By way of illustration, the Government of Canada recently proposed to amend the Cannabis Act to add three new classes of cannabis that could be legally sold by federal licence holders and provincially and territorially authorized distributors and retailers. Those three new classes are “edible cannabis”, “cannabis extracts”, and “cannabis topicals”. Cannabis topicals are currently defined as products that include cannabis as an ingredient and which are intended to be used on external body surfaces (i.e., skin, hair, and nails).

It is important to note that a number of prohibitions on advertising have been proposed in relation with the new classes of cannabis, including with respect to health benefit claims, nutrient content claims and cosmetic benefit claims.
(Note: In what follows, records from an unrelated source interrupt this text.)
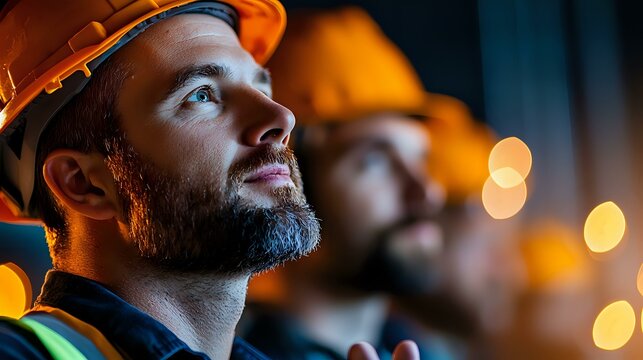 Caucasian male construction worker in safety helmet looking up with hopeful expression, illuminated by warm evening lights against blurred background.
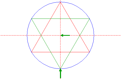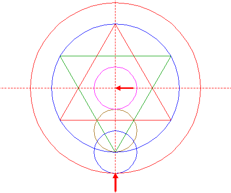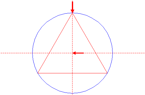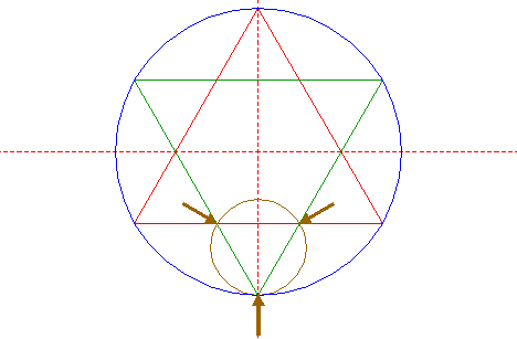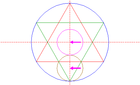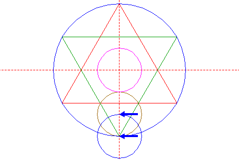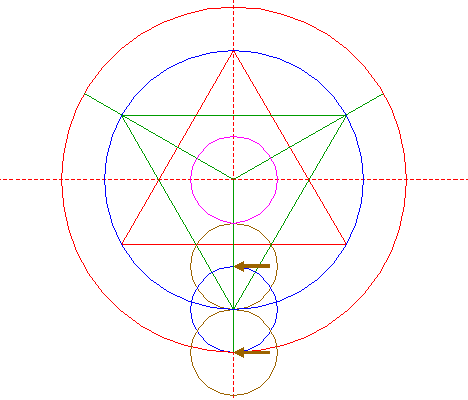 | Construct the inscribed equilateral triangle of circle 1, pointing down. |
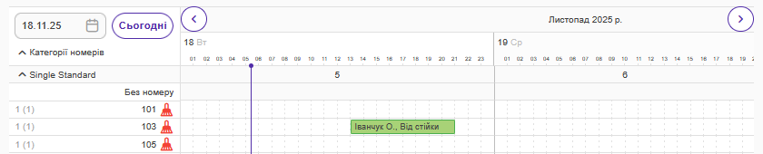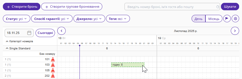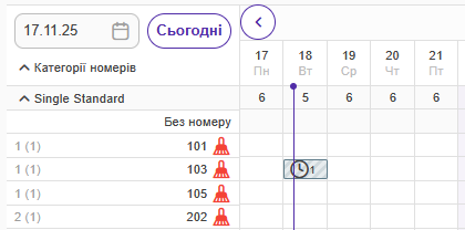 У шахівниці на рівні номера для заселення виберіть клітинку, яка відповідає часу заїзду, і лівою кнопкою миші виділіть потрібну кількість годин. У прикладі на скріншоті гість заїжджає в номер 103 о 13 годині, а виїжджає о 21 годині.
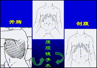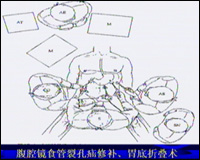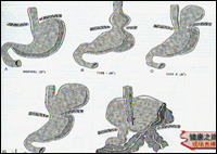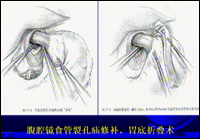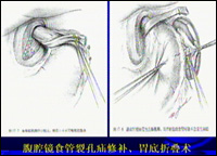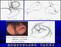 王秋生:外科治疗主要的目的是修复扩大的食管裂孔,另外还要加上抗反流手术。过去传统手术的创伤比较大(如图开胸和剖腹都会对人体产生较大的伤害),而现在伴随着腹腔镜胆囊切除这种微创外科的蓬勃发展,腹腔镜治疗食道裂孔疝已经发展成为仅次于腹腔镜胆囊镜切除术的第二个成熟、定型的手术。如图腹腔镜手术只需要在上腹部打4-5个1厘米左右的孔就可以解决问题了,如图进入切口后把食道分离,然后穿一个纱带或橡皮管,再把食道拉起,然后把扩大的食道裂孔缝合一部分,再把胃底的血管给游离断,因为还要做抗反流手术。如果仅仅只做修补不做抗反流手术,疗效会很差。如图再进行抗反流手术,首先把胃底从食道的后面掏过来,然后在食道和胃之间进行缝合。这种手术是一种很成熟的手术方法。手术后有的人由于手术过程中包绕的松紧程度掌握不好,会有打不了嗝的现象,甚至出现吞咽困难的情况,后来又发明了部分胃底折叠的方法,只包绕2/3的部分,这样术后打嗝的现象就解决了。这种部分折叠的手术方法是目前最为流行的,抗反流手术后整个治疗滑动性疝的过程就结束了。对于食管旁疝如图旁疝患者的胃壁变得非常薄,很容易造成撕裂,因此会加上一些垫片,这种垫片可以防止胃壁穿孔。这种手术的优点总结起来就是:
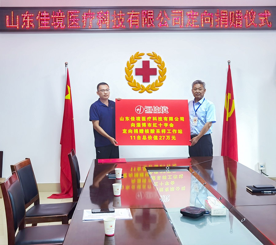 6月27日下午,山東佳境醫療科技有限公司向淄博市紅十字會捐贈用于抗擊新冠病毒的核酸采樣工作站11臺,總價值27萬元,支援我市疫情的防控工作。淄博市紅十字會二級調研員劉永鋒、佳境醫療董事長鐘文泉先生出席捐贈活動。劉永鋒表示:“非常感謝佳境醫療的無私捐贈,這是一次積極向上、回報社會的愛心行動,對廣大企業積極參與抗擊疫情、履行社會責任將起到示范作用。鐘文泉表示:“臨近七一建黨節,作為一名黨員,一定要響應黨和政府的號召,盡自己的綿薄之力,向所有抗疫一線的醫護人員表示敬意”。
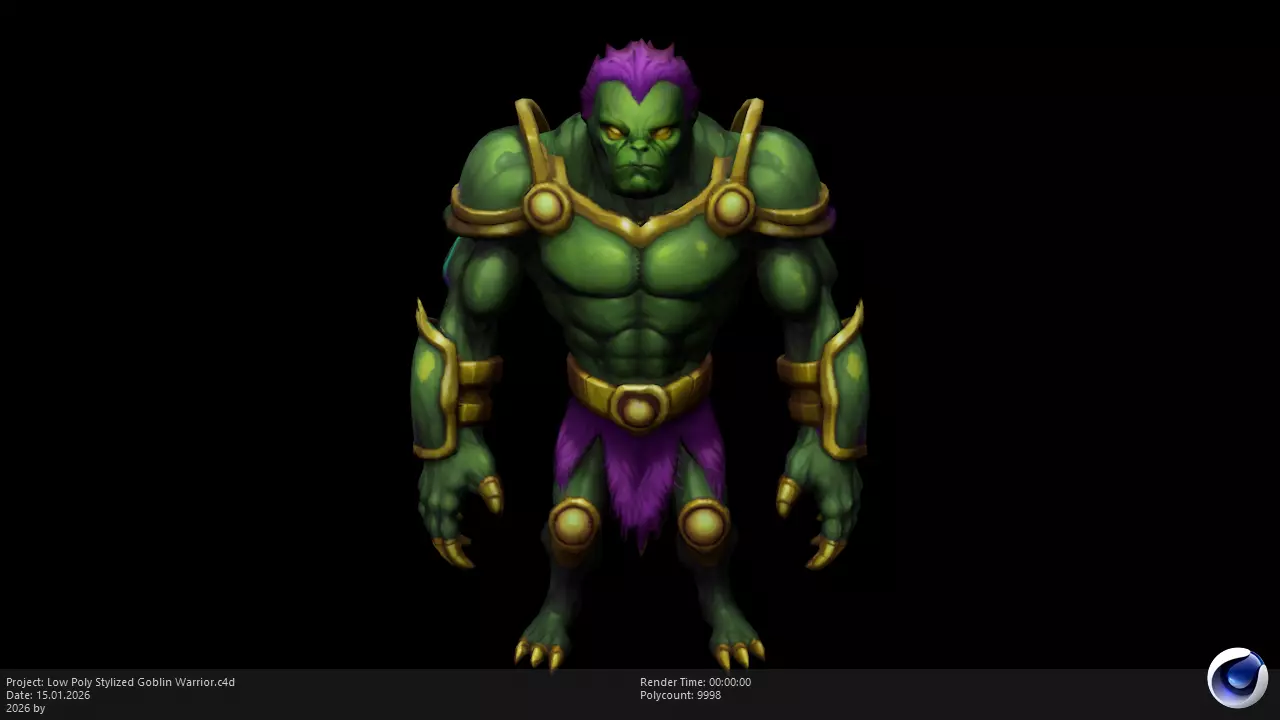 This Stylized Low Poly Goblin Warrior is a game-ready character designed with a strong fantasy aesthetic. It features exaggerated proportions, clean topology, and hand-painted textures, making it ideal for stylized games, mobile projects, and real-time applications.
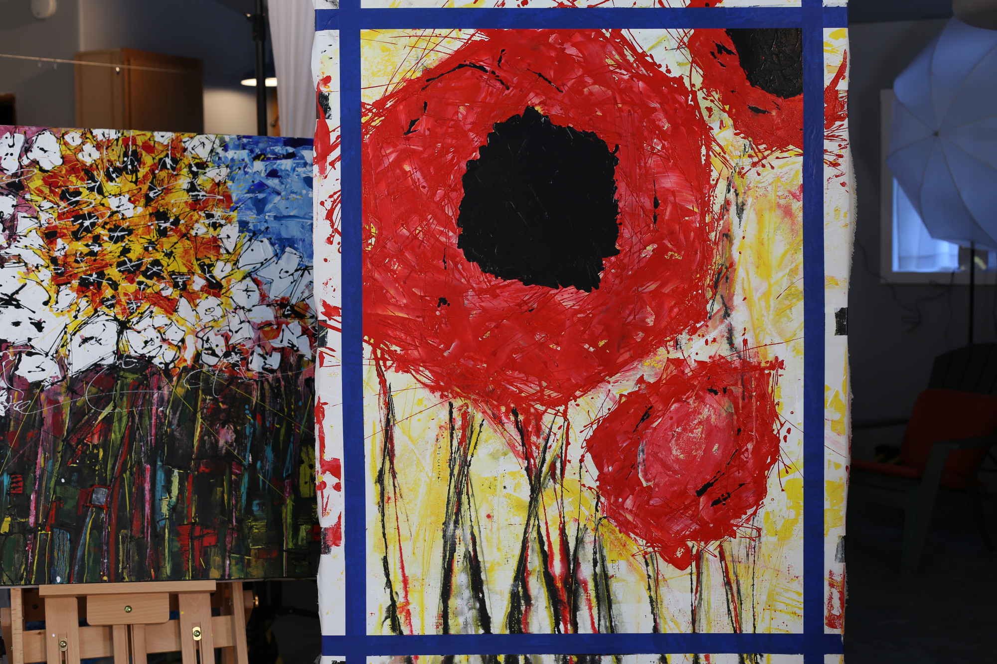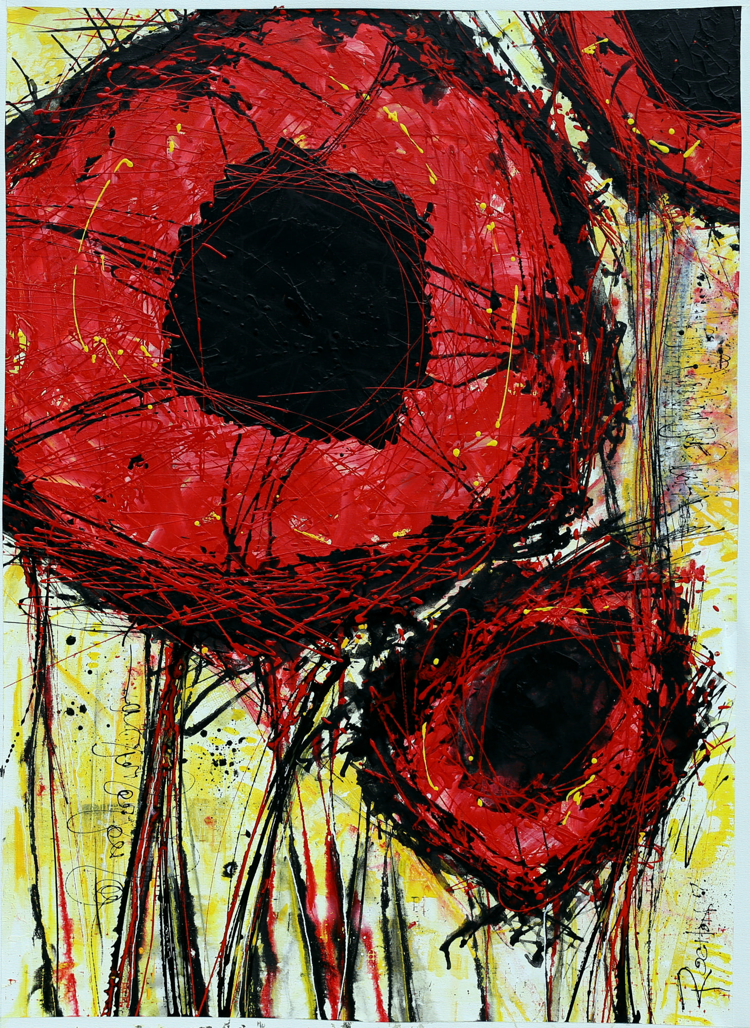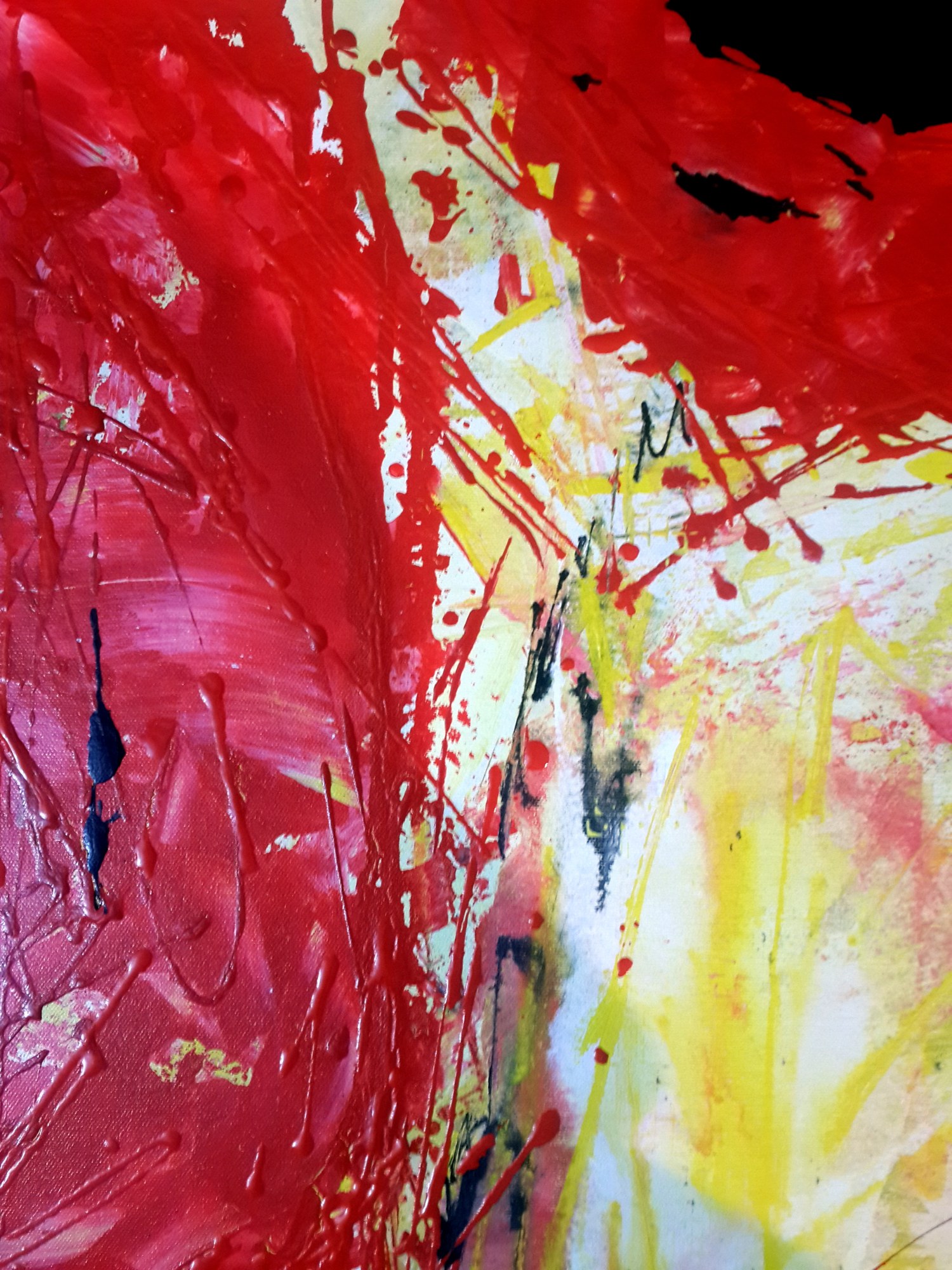 Everyone sees in abstract what they have experienced in life. Some say artists should not reveal what they see. I usually don't. In this painting, at the time I didn't realize the large overbearing figure was my father and the small figure on the bottom was me. My mother was out of the picture. There is much more to this for me, a leaning from father to son, but apparently not a connection. In life, thank God, there would be a very strong connection.
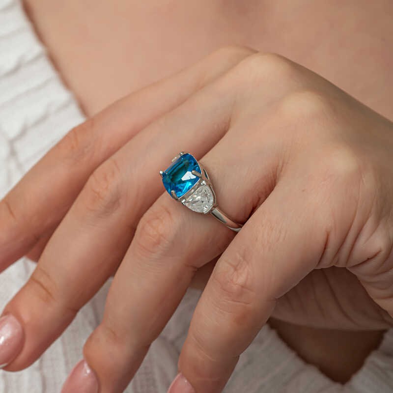 Gümüş Mavi Zirkon Taşlı Kadın Yüzük
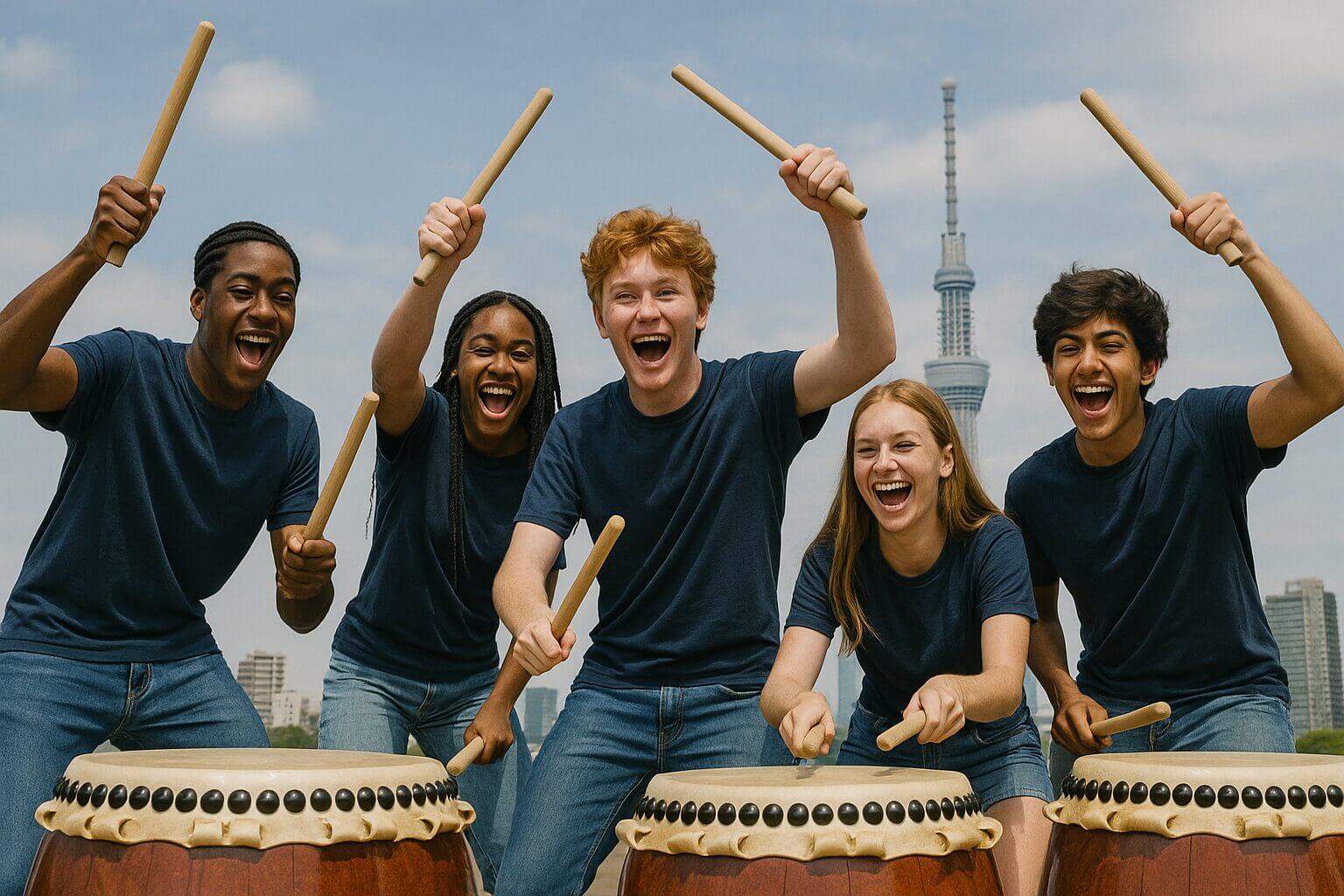 アメリカから53名音楽生和太鼓体験60分コース
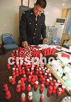 北京西誠警方二十一日夜“嚴(yán)打零點(diǎn)行動”中搗毀一個私刻公章窩點(diǎn),當(dāng)場收繳公章二百余枚。中新社記者 宋吉河 攝
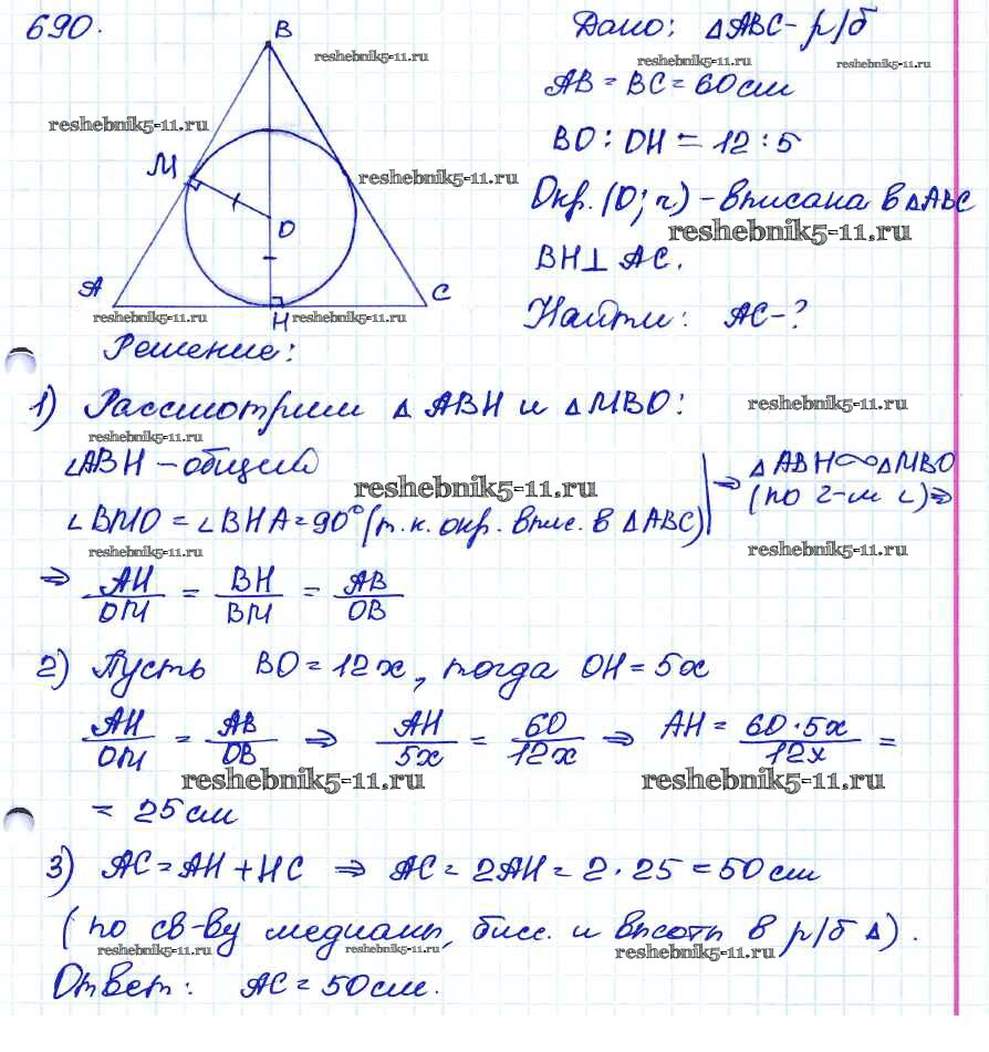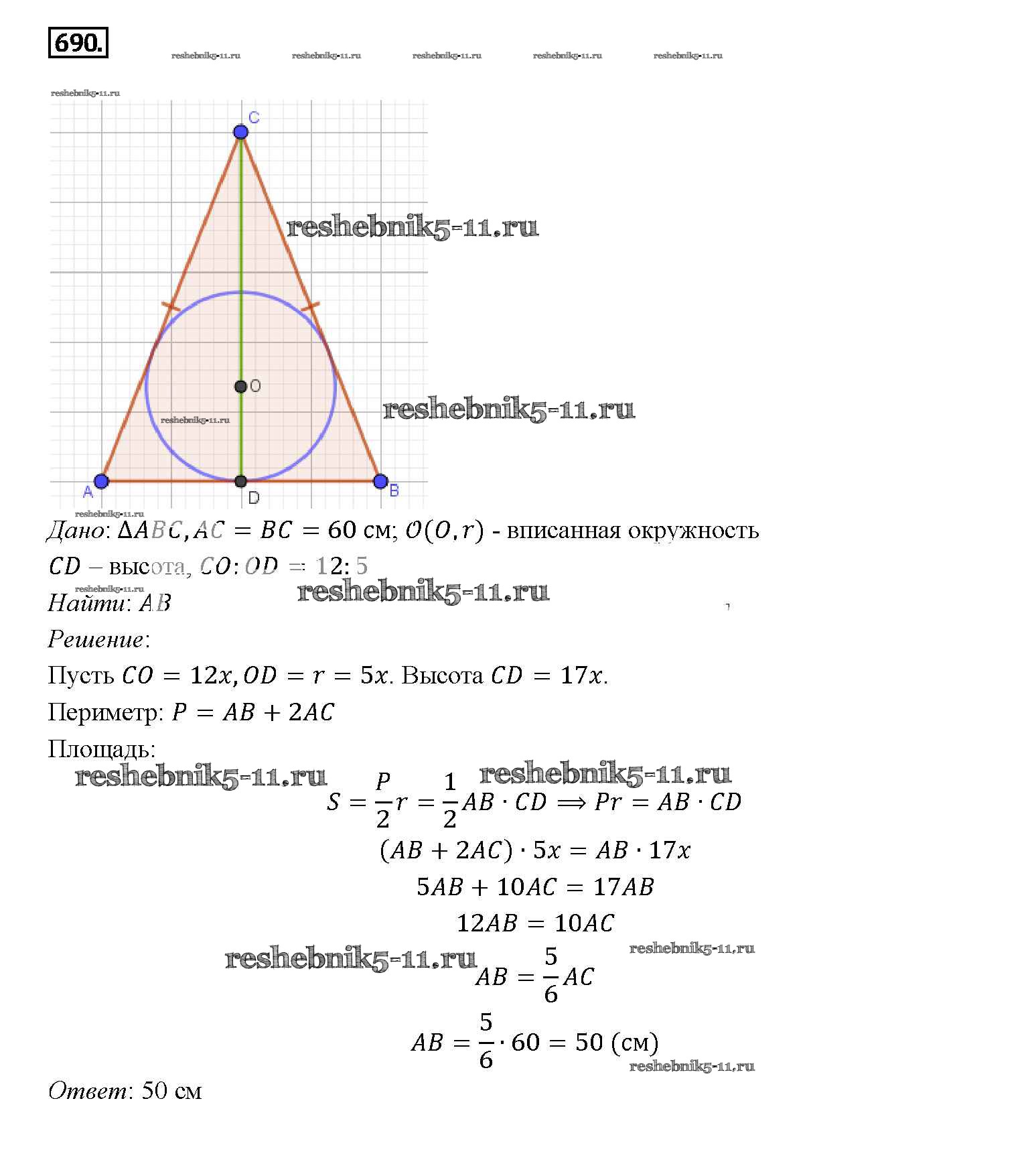 Готовая домашняя работа с ответами по Геометрии за 7, 8, 9 класс Атанасян, Бутузов, Кадомцев Учебник Просвещение 2010 ФГОС - Задачи 690

As a result, we anticipate that a cannabis topical product may in fact not be represented or advertised as a cosmetic (e.g. moisturizes, heals dry skin, smooths wrinkles, cleans, protects, relieves, etc.). This may sound counterintuitive, because for many of us, topical application refers to creams, oils and balms, which are typically found in the cosmetic section at the local pharmacy outlet. However, the way the regulators picture topical cannabis for the purpose of their proposed amendment is just another delivery mechanism for active cannabis substances.

At this time, there is no clear prospect for using “cannabis” in cosmetics in Canada

In other words, cannabis topicals are really intended as another class of recreational cannabis, in addition to fresh and dried cannabis, cannabis oil, cannabis plants and cannabis seeds; i.e. they are not cosmetic products per se and will not be represented as such.

That said, once they are permitted, cannabis topicals could lead to new business opportunities for those who already have expertise and knowhow in relation to the development and commercialization of products applied topically. Unfortunately, though, at this time, there is no clear prospect for using “cannabis” in cosmetics in Canada. Therefore, a person wanting to increase the value of its cosmetic brand, product or formula by adding cannabis as an ingredient may be better off focusing on hempseed oil and its intrinsic characteristics instead of waiting for cannabis to be fully authorized for use in cosmetic products.